Но, господи: все равно тоскливо не укладывалось в голове, что его больше нет в этом мире! Ребенком Аманда боялась темноты, и всегда как раз отец приходил на ее зов. Когда он работал в ночную смену, она всегда ощущала тревогу, словно под ее болтающимися в пустоте ногами вдруг не оказывалось страховочной сетки и некому было бы поймать ее, если она упадет. Аманда и сейчас порой испытывала подобное чувство. Где-то в самой глубине головы постоянно копошилась смутная мысль, что что-то не так, что чего-то не хватает, и оставалось лишь надеяться, что со временем это пройдет; но тут она вспоминала, что отца больше нет, и осознание непреложного факта обрушивалось на нее с прежней силой. Если она позовет сейчас, никто не прибежит к ней в ночи.

Аманда плотнее запахнула куртку.

«И не разговаривать со мной, когда меня не станет!»

Еще один приказ. Так что, приходя на его могилу, она просто стояла, погрузившись в собственные мысли. Как и он сам, Аманда не была особо религиозным человеком, так что не видела смысла произносить что-либо вслух. В конце концов, некому было теперь ее услышать – возможность задать друг другу какие-то вопросы осталась в прошлом. Она осталась наедине с коротким жизненным периодом опыта и мудрости, который отец подарил ей, и ей теперь оставалось лишь мысленно просеивать его. Подносить его частички к свету, сдувать с них пыль, проверять, что из всего этого работает и что она может использовать.

 

Беспристрастно.

Сдержанно.

Прагматически.

Так, каким был он сам, когда дело доходило до его работы. Аманда часто обдумывала совет, который он ей как-то дал: когда видишь что-то действительно страшное, мысленно убери это в прочную коробку. Постоянно держи ее плотно закрытой у себя в голове и открывай лишь затем, чтобы бросить в нее что-нибудь еще. Работу и то, что тебе приходится лицезреть, выполняя ее, нужно любой ценой держать подальше от собственной жизни.

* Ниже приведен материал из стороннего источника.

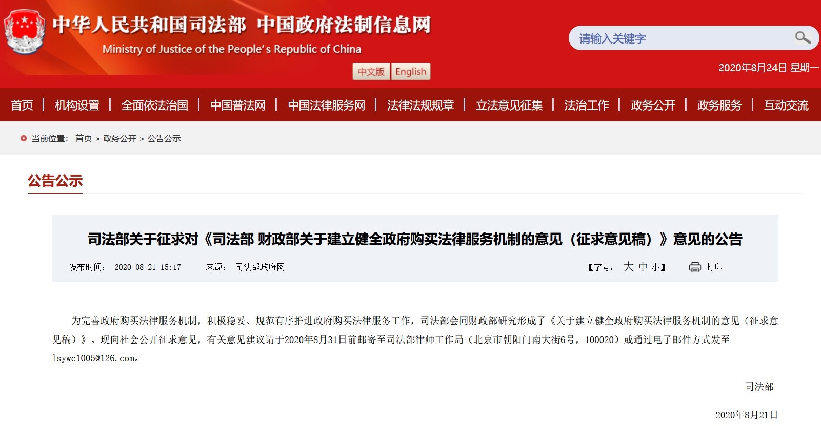天纵鉴定(SKYLABS)近日注意到,司法部在2020年8月21日在其官网上发布了“司法部关于征求对《司法部 财政部关于建立健全政府购买法律服务机制的意见(征求意见稿)》意见的公告”(以下简称“公告”),并正式向社会公开征求意见。
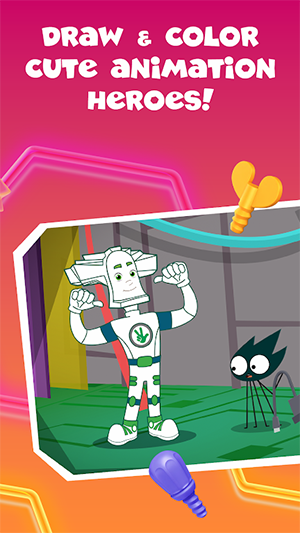 面向儿童的绘画和着色应用程序,具有Fixies动画
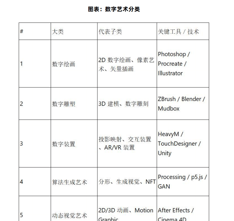 中国数字艺术的发展可分为萌芽期(1990 年代末至 2000 年代初)、快速成长期(2000 年代中期至 2010 年代)、成熟发展期(2010 年代后期至今)。萌芽期以早期数字绘画和简单的数字设计为主,快速成长期受益于互联网普及和数字技术提升,数字艺术形式不断丰富并开始商业化运作。进入成熟发展期,数字艺术与文化创意产业深度融合,虚拟现实、人工智能等新兴技术成为行业发展的新动力,市场规模和用户基础显著扩大。

Все это звучало так просто, так четко…

Отец очень гордился тем, что Аманда поступила в полицию, и хотя она всем сердцем скучала по нему, существовала также и некая маленькая часть ее, которая втайне радовалась, что его не было рядом и он не мог знать, что представляла собой ее жизнь эти два последних года. Не мог знать про «коробку ужасов» у нее в голове, которая и секунды не оставалась запертой. Про кошмары, которые снились ей по ночам. Про то, что, как оказалось, она не стала таким полицейским, каким был он сам, – Аманда уже сомневалась, под силу ли ей это вообще.

И хотя она послушно следовала требованию отца не разговаривать с ним, это не останавливало ее от мыслей о нем. Сегодня, как и всегда, Аманда размышляла, насколько он был бы разочарован.

Она уже возвращалась к машине, когда зазвонил ее телефон.

* * *

Через полчаса Аманда уже опять была в Фезербэнке и шла через пустырь, раскинувшийся на окраине городка.

Она просто ненавидела это место. Ненавидела эти грубые и колючие, опаленные солнцем кусты. Тишину и уединение. То, что даже сам воздух всегда казался здесь каким-то нездоровым, словно окружающая ее местность настолько прогнила и прокисла, что пропитавшую землю отраву можно было ощутить на каком-то первобытном уровне.

– Вот тут его и нашли вроде?

Детектив Джон Дайсон, шагающий рядом с ней, ткнул пальцем в сторону зарослей чахлых, просвечивающих насквозь кустов. Как и все остальное, что ухитрялось расти здесь, они были жесткими, сухими и колючими.

– Угу, – отозвалась Аманда. – Здесь.

«Тут его и нашли».

Только вот для начала тут его потеряли. Два года назад здесь пропал маленький мальчик, который возвращался этой дорогой домой, а потом, несколько недель спустя, его тело бросили в том же самом месте[1]. Дело было поручено ей. События, которые за этим последовали, отправили ее карьеру в некое подобие свободного падения. До этого погибшего мальчишки Аманда представляла себе, как годами будет взбираться по служебной лестнице, намертво заперев ту коробку в голове, но оказалось, что она совершенно себя не знала.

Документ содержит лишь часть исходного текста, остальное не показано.